Senator for Kano South
- In office 29 May 1999 – 29 May 2003
- Succeeded by: Usman Umar Kibiya

Personal details
- Born: Kano State, Nigeria

= Masʽud El-Jibril =

Nigerian politician

Masud Doguwa El-Jibril was elected Senator for the Kano South constituency of Kano State, Nigeria at the start of the Nigerian Fourth Republic, running on the People's Democratic Party (PDP) platform. He took office on 29 May 1999.
After taking his seat in the Senate in June 1999 he was appointed to committees on Industries, Foreign Affairs, Works & Housing, Agriculture (Chairman) and Information.

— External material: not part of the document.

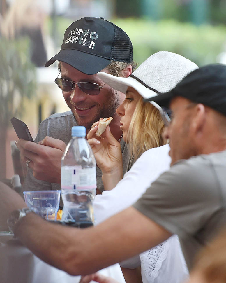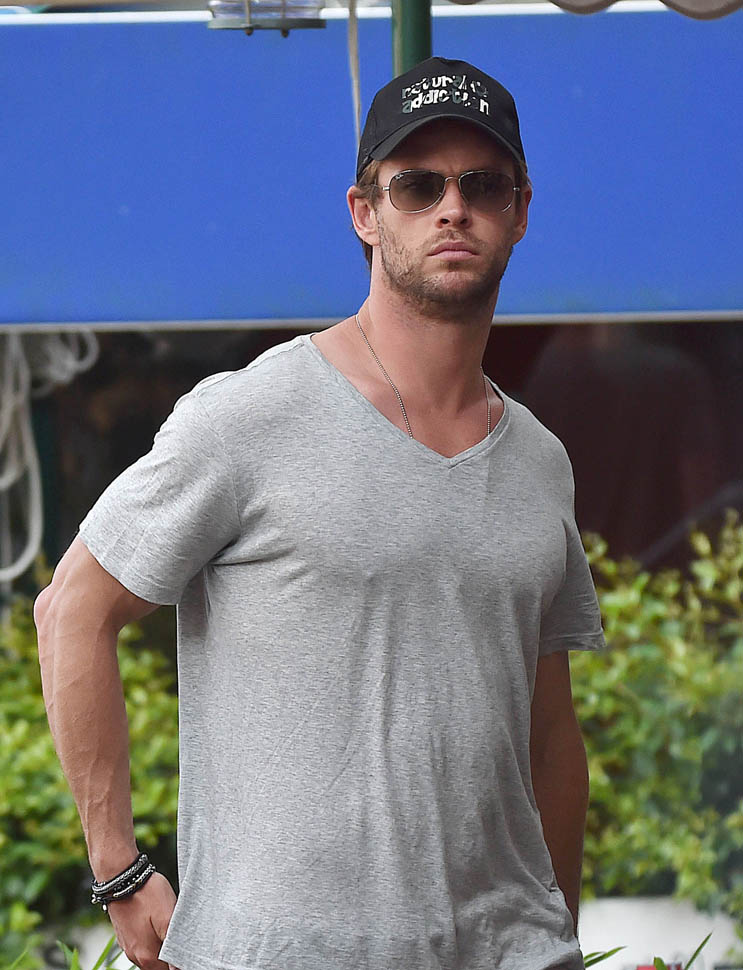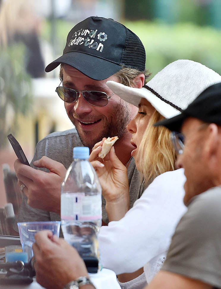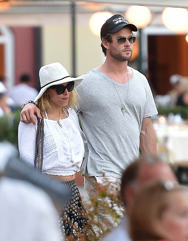 Mimi and Packer were just there too! As Maria pointed out recently, a lot of celebrities are heading to Italy this summer. Chris Hemsworth and Elsa Pataky are the latest. Here they are with friends and family in Portofino yesterday. Chris has been in London shooting The Huntsman. He’s supposed to move on next to the Ghostbusters movie, as the receptionist. Sarah liked his casting decision (click here for a refresher) and so do I. You too I think? Or is it because you’re just picturing him with his shirt off answering the phone?
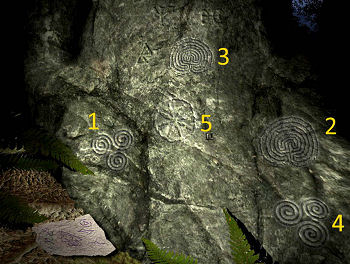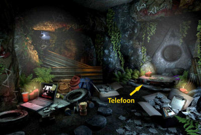 Ga voor de derde keer het bos in en op de viersprong (waar je de beide gevarenborden ziet) rechtsaf. Dat is het pad naar de mast.Klik bovenaan de trap naar rechts. Je ziet daar de oranje kabel lopen. Zoom in aan het eind ervan en je ontdekt de zender van Gus achter gebladerte. Nogmaals klikken om hem te kunnen instellen. Het briefje dat Gus in de telefooncel achterliet helpt daarbij (video, sterk signaal, ab, digitale monitor, noordelijk halfrond). Zet de knoppen bovenaan op On en VT (videotransmissie). Zet de middelste knoppen respectievelijk op 5 en Ab. En zorg dat de onderste knoppen achtereenvolgens op Rec. (opname), Monitor, Digi en N.Hem (noordelijk halfrond) staan. Dan verschijnt op het schermpje Signal Live, ten teken dat je signaal hebt. ![]() ![]() Zoom uit en pak Mia's telefoon. Klik op de knop videocamera. Dankzij de zender kun je nu zien wat er in de hoeve gebeurt. Mia zit in het pentagram en raakt in trance. Speel met de pijltjes- en huisjesknop om verschillende momenten waar te nemen. Laat de zender achter en volg de oranje kabel naar de symbolensteen. Klik de symbolen in de juiste volgorde aan (zie boven) en de takken die de rest van het pad versperden wijken uiteen. Barrow Hill Farm Vervolg het pad en je komt uit bij Barrow Hill Farm. Loop naar de ingang. Je hoort de door Baibin bezeten Mia murmelen. Breek de steenhoop bij de deur af door de stenen een voor een rechts neer te leggen. Je vindt een achtste SIM-kaart! Je kunt kloppen op de deur maar er wordt niet open gedaan. Klim door het raam. Daar staat Mia/Baibin! Ze zegt: Ik zie je. Maar in plaats van de Olly-behandeling wordt je geteleporteerd naar de wensstenen. Wensstenen Nu we daar toch zijn kun je kijken wat je er kunt bereiken. Bij de rechter stapeling met de brief voor Gus kun je de losse steen verschuiven en Gus' MP3-speler achterlaten. Maar rechts ervan moet ook iets komen te liggen wat je nog niet hebt. Bij de middelste steenhoop met het door Olly geschreven briefje kun je zijn ID-kaart kwijt (even de lossen steen verplaatsen) en zijn kapotte bril. Leg daarna zijn beeltenis ('vissymbool') bovenop en er volgt gezang met lichteffecten. Zou je Olly bevrijd hebben uit zijn benarde positie? De linker wensstenen behoren wellicht aan Emma, vanwege het briefje dat over haar gaat. We hebben niets van haar dus kom je voorlopig niet verder. Draai je om en ga richting de driesprong. Als je het bord wegversmalling voorbij bent gaat de telefoon. Het is Olly met nog de bibbers in de benen die je bedankt voor zijn bevrijding en zegt dat hij zich gaat verstoppen totdat de politie komt. Druïdenpoel Ga naar rotspartij bij de Druïdenpoel. Vergelijk het ingebrande gebedswiel met het 'slot' bovenop. De donkere markeringen op het slot moeten kennelijk naar beneden worden gericht zoals ook de pijl onder het slot suggereert. Maar eerst heb je een soort sleutel nodig. Pak opnieuw de hanger en plaats deze iets links van het midden van de rotspartij. Beweeg je cursor dan langzaam naar beneden onder de punt van de hanger. Je hoort een fluitend geluid. De cursor verandert in een pijl die naar linksboven wijst. Klik dan en je hebt een bronsleutel gevonden. Steek de bronsleutel in het slot bovenop de rotspartij en hij licht op met een paarse kleur. Je kunt nu drie witte ringen aanklikken, van buiten naar binnen 1, 2 en 3. Klikken op ring 1 laat ring 1 zelf rechtsom draaien en ring 2 linksom. Klikken op ring 2 laat alleen ring 2 zelf rechtsom draaien. Klikken op ring 3 laat ring 1 linksom draaien en ring 3 zelf rechtsom. Elke ring heeft een zwarte markering die aan het begin omhoog staat. De markeringen moeten echter naar beneden wijzen. Druk zo vaak op ring 3 totdat zijn markering naar beneden wijst. Druk dan zo vaak op ring 1 totdat zijn markering ook naar beneden wijst. En druk tenslotte zo vaak op ring 2 totdat zijn markering in lijn ligt met de beide andere. Er klinkt een melodietje en er stroomt helder water onder de rotspartij vandaan door een goot naar de poel. De poel is nu helder. Er is een actiepunt maar geen van de voorwerpen in je inventaris werken. Keer terug naar de mast en sla daar rechtsaf naar het station. Klim over de schutting en kijk naar de plek waar Olly in trance zat. Er staat een tas met een hanger erin, die Olly voor Mia had gekocht. Filmproject Ga de Quoit binnen en richt je op de laptop. Links bovenaan knippert een groen lampje bij de camcordericoon. Druk daarop en je achtste SIM-kaart wordt afgespeeld. Je ziet Mia die hevig in trance verkeert nu ze door Baibin is bezeten (klik erop om de clip te stoppen). Druk op de icoon rechtsonder (de boeken), kies 'Edit Project' en daarna 'Capture Clips' om deze laatste SIM-kaart in te lezen. Dan heb je alle acht clips onder in beeld, maar nog niet in de juiste volgorde. Je kunt als je wilt elke clip verslepen naar het midden van het scherm bij Film Preview en afzonderlijk bekijken. Het is de bedoeling de clips in een bepaalde volgorde onder in beeld te plaatsen door ze te verslepen. Hieronder volgt de juiste volgorde met enige verantwoording: Gus bekijkt een folder en verbrandt die (Het boek ligt achteraan op tafel). Fiets; Gus bekijkt het boek en dan de stapel folders. Gus haalt uit zijn tas met folders een verfspuit en spuit de X op een muur (Gus gaat dus meedoen met het verspreiden van de folders). Gus stopt de laatste folder bij iemand in de bus (Hij is een 'gelovige' geworden en zet zich in voor 'de zaak'). Gus klopt aan bij Barrow Farm maar doet dan zelf de deur open (Gus had Mia laten weten iets later te komen omdat hij eerst nog folders moest rondbrengen). Mia is bezig het pentagram op de vloer te tekenen (voorbereiding voor de oproeping). Mia laat aan Gus de symbolen in het boek zien. Die symbolen gaan dan over op haar armen (In de vorige clip was dat nog niet het geval). Mia maakt in trance wilde bewegingen (Ze heeft de symbolen op haar armen en is nu Baibin aan het worden). Als de clips op hun juiste plaats staan druk je op de knop 'Make Movie' (maak de film). D

In November 2005 Jibril emerged as chairman of a PDP faction called the "People's PDP", headed by PDP Board of Trustees member Alhaji Abubakar Muhammad Rimi, which was organizing meetings across the country.
John Odey, the PDP national publicity secretary, said that the new association had no legal right to hold a congress since it was only an association.
As chairman of the Kano State People's Democratic Party, in April 2006 Jibril accused the All Nigeria People's Party (ANPP) of orchestrating violence during a recent visit of President Olusegun Obasanjo to the state. The ANPP replied by blaming the clashes on PDP thugs.